• **PROBLEM DETAILS**: Would you restate each entry word for word, omitting the pictures?

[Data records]
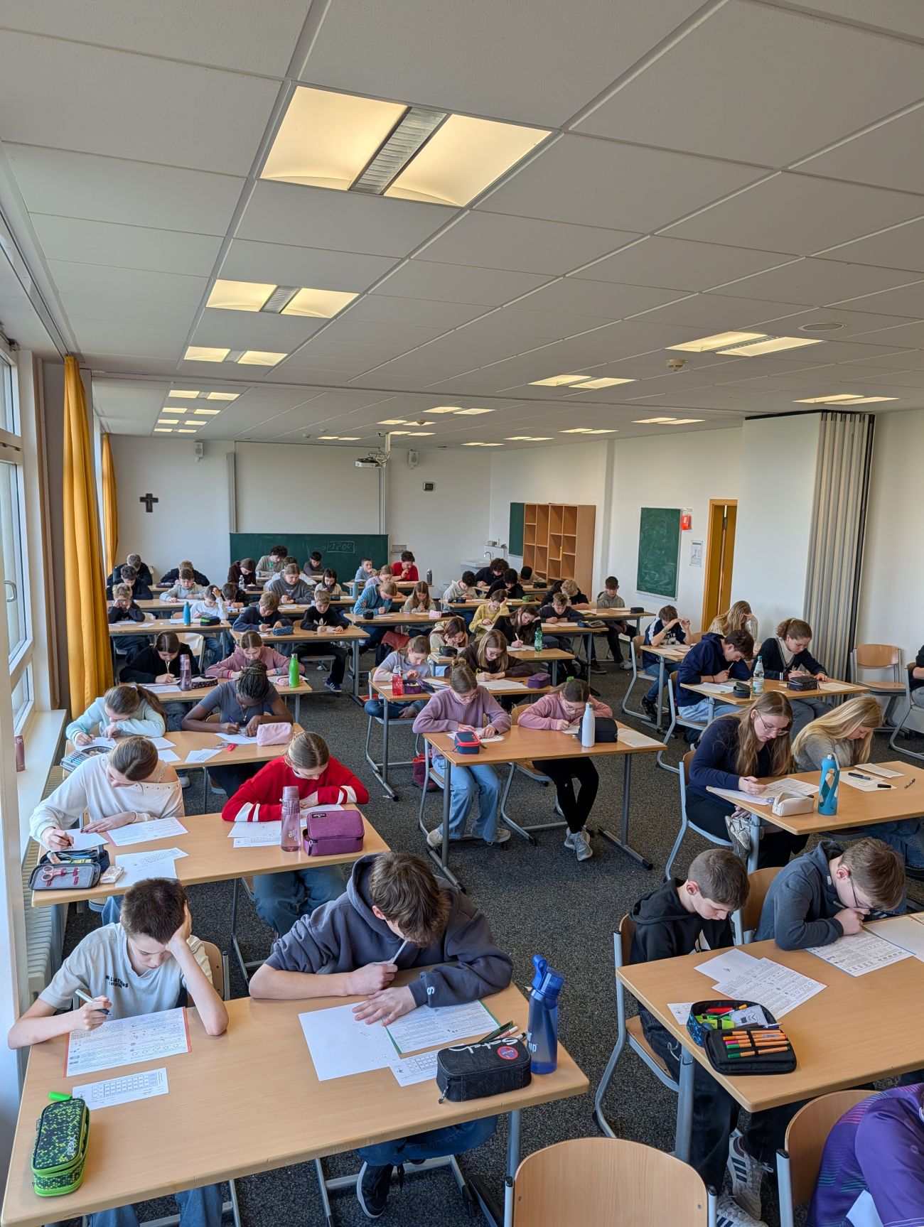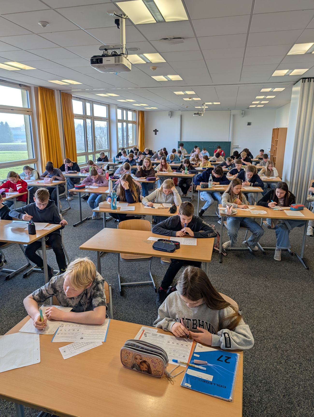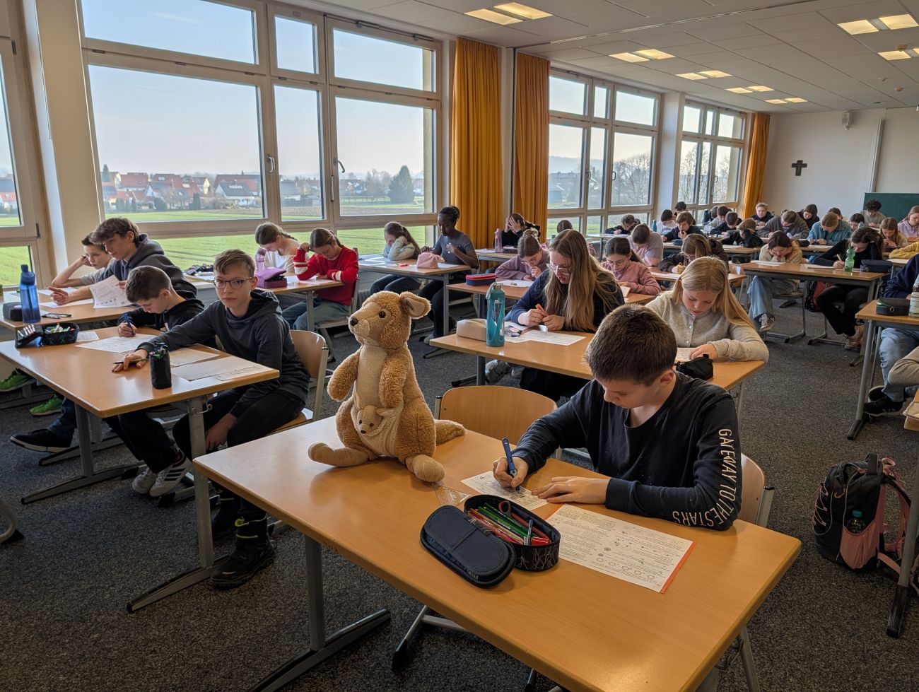 Am Donnerstag, 19. März 2026, nahmen 75 Schülerinnen und Schüler des Gymis am Känguru-Wettbewerb der Mathematik teil und stellten sich kniffligen Aufgaben. Organisiert und durchgeführt wurde er von Volker Kammerer und Ute Darlau, das Startgeld wurde vom Schulwerk bezahlt. Der Känguru-Wettbewerb ist ein landesweiter Mathematik-Wettbewerb, der logisches Denken, Problemlösefähigkeiten und räumliches Vorstellungsvermögen fördert. Ziel der Veranstaltung ist, den Spaß an Mathematik zu wecken, eigenständiges Denken anzuregen und Begeisterung für mathematische Aufgaben zu fördern. Die Bekanntgabe der Ergebnisse und somit die Aushändigung der Urkunden und Preise erfolgt am Ende des Schuljahres.
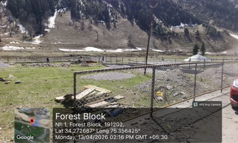 Ganderbal, April 13, KNT: Authorities in Sonamarg halted construction activity in the Sarbal area after reports emerged that concrete work was being carried out despite an existing ban in the eco-sensitive zone.
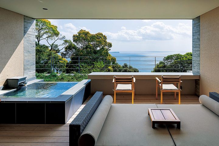 (写真)客室はホテル棟に15室、離れのヴィラが3棟、全てオーシャンビューの温泉露天風呂付き。小学生以下は利用不可なので、落ち着いた大人の時間が過ごせます。
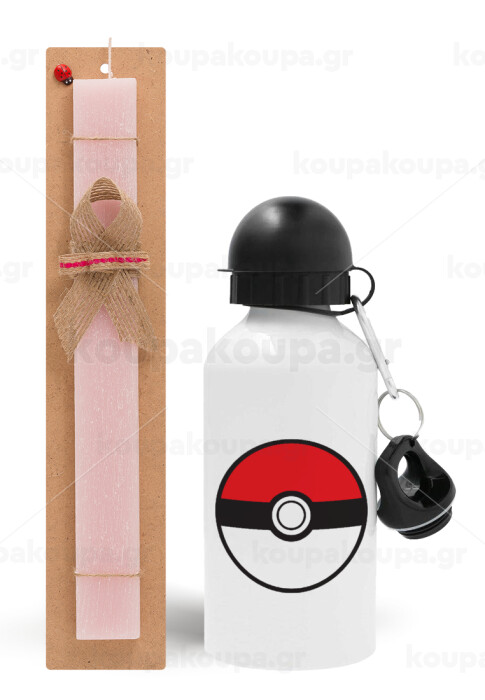 Pokemon ball, Πασχαλινή Λαμπάδα με παγούρι μεταλλικό αλουμινίου (500ml) & κερί αρωματικό πλακέ (30cm) (ΡΟΖ)
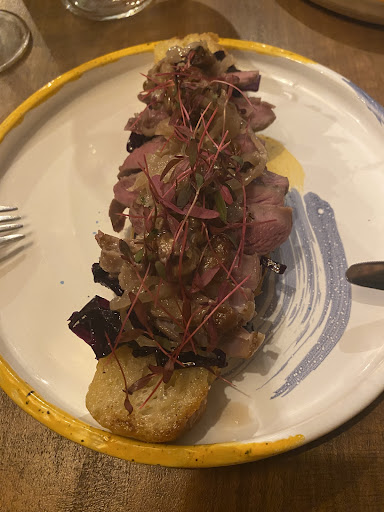 Read moreObsługa fatalna!!! Jako grupa 15 osób mieliśmy zrobioną rezerwację przynajmniej z dwa tygodnie wcześniej (chyba nawet więcej). Zapytano nas przed co wybieramy z menu. Każdy wskazał co chciałby zjeść. W związku z obchodzonymi uroczystościami Dnia Niepodległości w menu pojawiła się także gęsina. I to chyba mocno znienacka, bowiem zostaliśmy o tym poinformowani jakieś 22 godziny przed wizytą. Niektórzy skusili się na gęsinę (między innymi ja), o czym poinformowaliśmy lokal. I teraz meritum. Rezerwacja była na godzinę 16.00. Już zacierałam ręce, a po drodze do lokalu za mną ciągnęły się pokłady mojej śliny na myśl o tym, że już czeka na nas cieplutkie pyszne jedzonko. O losie przewrotny! Weszliśmy, usiedliśmy, obsługa zapytała nas o wybór napojów. Jedzonka nie ma. Zamówiliśmy drinki. Czekamy. Drinki zostały przyniesione po 35 minutach. Jedzonka nie ma. Sączymy sobie drineczki. Jedzonka nie ma. Siorbiemy lód z drinków. Minęło 60 minut. Jedzonka nie ma. Jest 17.00. Jedzonka nie ma. Pobiegli po gęsinę jak nic. Na fermę. Do sąsiedniego województwa. Po 80 minutach wjechał rosół z gęsi. Czyli się udało. Złapali gąski. Rosół dobry. Znów czekamy na drugie dania. Po jakimś czasie się udało. Gęsina zrobiona momentami dobrze, momentami guma. Ale absolutnym hitem, taką wisienką na torcie był fakt, że do rachunku doliczono nam 9 zł (od osoby) za obsługę! Czyli 135 zł łącznie za to, że ktoś RACZYŁ nas obsłużyć i złapać dla nas gęsinę w jedyne 80 minut naszego czekania. Także uczucia mam bardzo mieszane. Lokal polecany dla osób nudzących się w życiu i mało głodnych, bądź też dla takich, którym obojętne czy zjedzą śniadanie na obiad, obiad na kolację lub kolację na śniadanie. Ja osobiście czuje się zażenowana wizytą w tym miejscu i na pewno więcej tam nie wrócę, chyba, że będę chciała uciąć sobie półtoragodzinną drzemkę przed jedzeniem. Dołączam zdjęcie foccaci z gęsiną...

• **SOLUTION FOR THIS TASK**:
 Am Donnerstag, 19. März 2026, nahmen 75 Schülerinnen und Schüler des Gymis am Känguru-Wettbewerb der Mathematik teil und stellten sich kniffligen Aufgaben. Organisiert und durchgeführt wurde er von Volker Kammerer und Ute Darlau, das Startgeld wurde vom Schulwerk bezahlt. Der Känguru-Wettbewerb ist ein landesweiter Mathematik-Wettbewerb, der logisches Denken, Problemlösefähigkeiten und räumliches Vorstellungsvermögen fördert. Ziel der Veranstaltung ist, den Spaß an Mathematik zu wecken, eigenständiges Denken anzuregen und Begeisterung für mathematische Aufgaben zu fördern. Die Bekanntgabe der Ergebnisse und somit die Aushändigung der Urkunden und Preise erfolgt am Ende des Schuljahres.
 Ganderbal, April 13, KNT: Authorities in Sonamarg halted construction activity in the Sarbal area after reports emerged that concrete work was being carried out despite an existing ban in the eco-sensitive zone.
 (写真)客室はホテル棟に15室、離れのヴィラが3棟、全てオーシャンビューの温泉露天風呂付き。小学生以下は利用不可なので、落ち着いた大人の時間が過ごせます。
 Pokemon ball, Πασχαλινή Λαμπάδα με παγούρι μεταλλικό αλουμινίου (500ml) & κερί αρωματικό πλακέ (30cm) (ΡΟΖ)
 Read moreObsługa fatalna!!! Jako grupa 15 osób mieliśmy zrobioną rezerwację przynajmniej z dwa tygodnie wcześniej (chyba nawet więcej). Zapytano nas przed co wybieramy z menu. Każdy wskazał co chciałby zjeść. W związku z obchodzonymi uroczystościami Dnia Niepodległości w menu pojawiła się także gęsina. I to chyba mocno znienacka, bowiem zostaliśmy o tym poinformowani jakieś 22 godziny przed wizytą. Niektórzy skusili się na gęsinę (między innymi ja), o czym poinformowaliśmy lokal. I teraz meritum. Rezerwacja była na godzinę 16.00. Już zacierałam ręce, a po drodze do lokalu za mną ciągnęły się pokłady mojej śliny na myśl o tym, że już czeka na nas cieplutkie pyszne jedzonko. O losie przewrotny! Weszliśmy, usiedliśmy, obsługa zapytała nas o wybór napojów. Jedzonka nie ma. Zamówiliśmy drinki. Czekamy. Drinki zostały przyniesione po 35 minutach. Jedzonka nie ma. Sączymy sobie drineczki. Jedzonka nie ma. Siorbiemy lód z drinków. Minęło 60 minut. Jedzonka nie ma. Jest 17.00. Jedzonka nie ma. Pobiegli po gęsinę jak nic. Na fermę. Do sąsiedniego województwa. Po 80 minutach wjechał rosół z gęsi. Czyli się udało. Złapali gąski. Rosół dobry. Znów czekamy na drugie dania. Po jakimś czasie się udało. Gęsina zrobiona momentami dobrze, momentami guma. Ale absolutnym hitem, taką wisienką na torcie był fakt, że do rachunku doliczono nam 9 zł (od osoby) za obsługę! Czyli 135 zł łącznie za to, że ktoś RACZYŁ nas obsłużyć i złapać dla nas gęsinę w jedyne 80 minut naszego czekania. Także uczucia mam bardzo mieszane. Lokal polecany dla osób nudzących się w życiu i mało głodnych, bądź też dla takich, którym obojętne czy zjedzą śniadanie na obiad, obiad na kolację lub kolację na śniadanie. Ja osobiście czuje się zażenowana wizytą w tym miejscu i na pewno więcej tam nie wrócę, chyba, że będę chciała uciąć sobie półtoragodzinną drzemkę przed jedzeniem. Dołączam zdjęcie foccaci z gęsiną...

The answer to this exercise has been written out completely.